Assume \(k\), \(n\in\N\) and \(k < n\). For a uniformly chosen subspace \(\R^k\subsetneq\R^n\) we define the orthogonal projection as \(P:\R^n\mapsto\R^n\). Find \(\E[P(\bs{v})]\) where \(\bs{v}\in\R^n\) is given.

It’s an interesting question and also a totally novel one to me at that time. How do we define a “uniformly” chosen subspace and its corresponding projection? What are the possible intuitions in this simple piece of question? Despite the busy schoolwork and student projects, these thoughts persist in my mind and drive me digging this question from time to time. Curiosity has been aroused and an appetite is meant to be satisfied.

# Problem Re-formulation

In order to solve this problem, we need to fully understand what’s been asked. So now we’ve got two non-negative integers \(k<n\) and two spaces, namely \(\R^n\) and \(\R^k\). We know \(\R^k\) is somehow randomly selected as a subspace of \(\R^n\) and this randomness is uniform. For each of such selection, we can make an orthogonal projection of the given point^{1} \(\bs{v}\) onto \(\R^k\). Note here the projection is defined from \(\R^n\) to \(\R^n\), which means we’re not interested in the projected value on \(\R^k\) but the projection itself. In other words, we’re focusing on the projected vector’s behavior in the same space as \(\bs{v}\) here.

# Simple Example

The simplest example (well, it’s in fact not THE simplest as we could always project \(\bs{v}\) onto \(\R^0\) and the resulting expectation would be a zero vector) would be \(n=2\) and \(k=1\). For any given \(\bs{v}\), we can always draw a graph as below.

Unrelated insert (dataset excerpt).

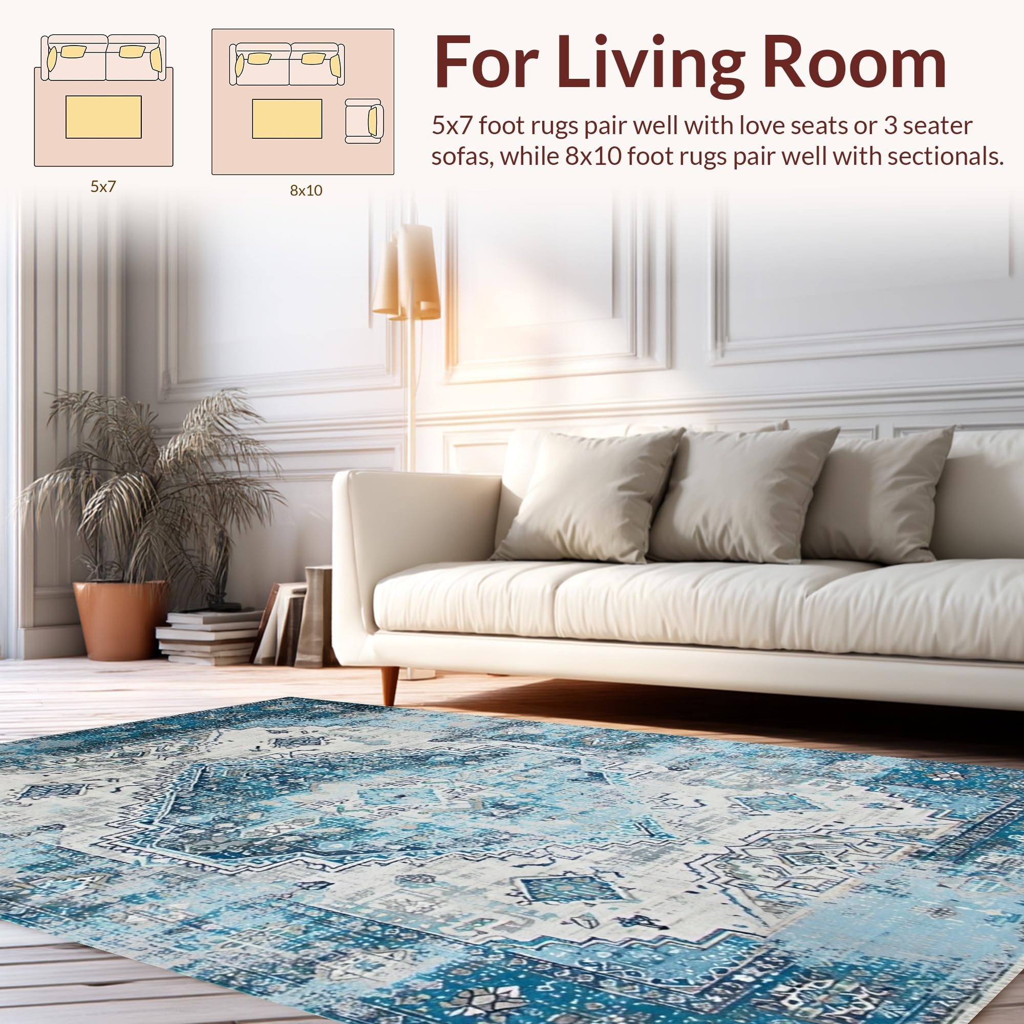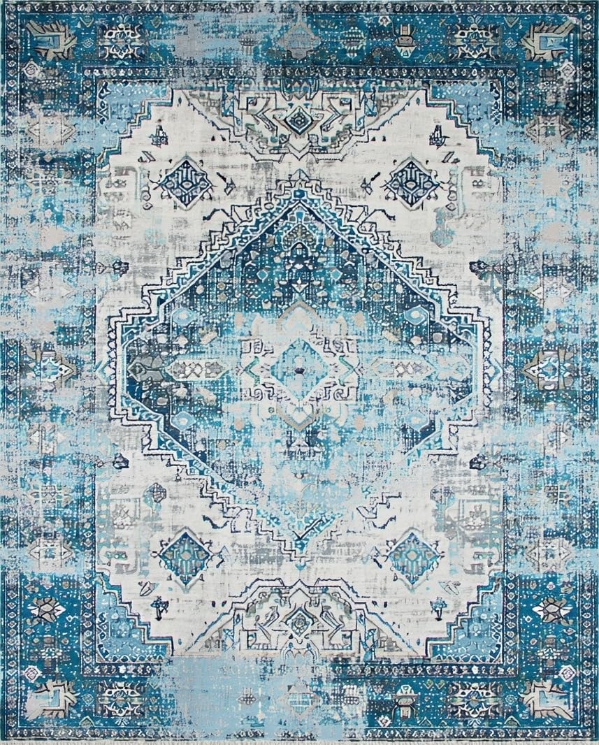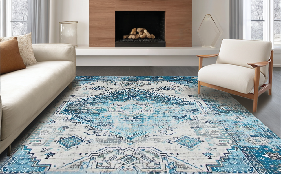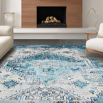 Ultra Soft Area Rug, Non Slip, Stain Resistant, Washable Area Rugs for Living Room, Bedroom, Chic Soft Monochrome Tiled Design(Blue) Overview:

The random subspace in this case is illustrated by the straight gray line, which determines the projection \(P(\bs{v})=\bs{h}\) as in the graph. We know we’re now uniformly selecting this subspace when we rotate this line centered at the origin accordingly. This means the angle between \(\bs{v}\) and \(\bs{h}\), denoted by \(\theta\), is a uniform random variable on \([0, 2\pi)\). Further, simple geometry tells us the angle between \(\bs{v}\) and \(\bs{h} - \bs{v}/2\) is merely \(2\theta\), which is therefore, also uniformly distributed on \([0, 4\pi)\). Now that we know \(\bs{h}\) uniformly lies on the red circle, we conclude the expected projection, in this particular case, is \(\bs{v}/2\).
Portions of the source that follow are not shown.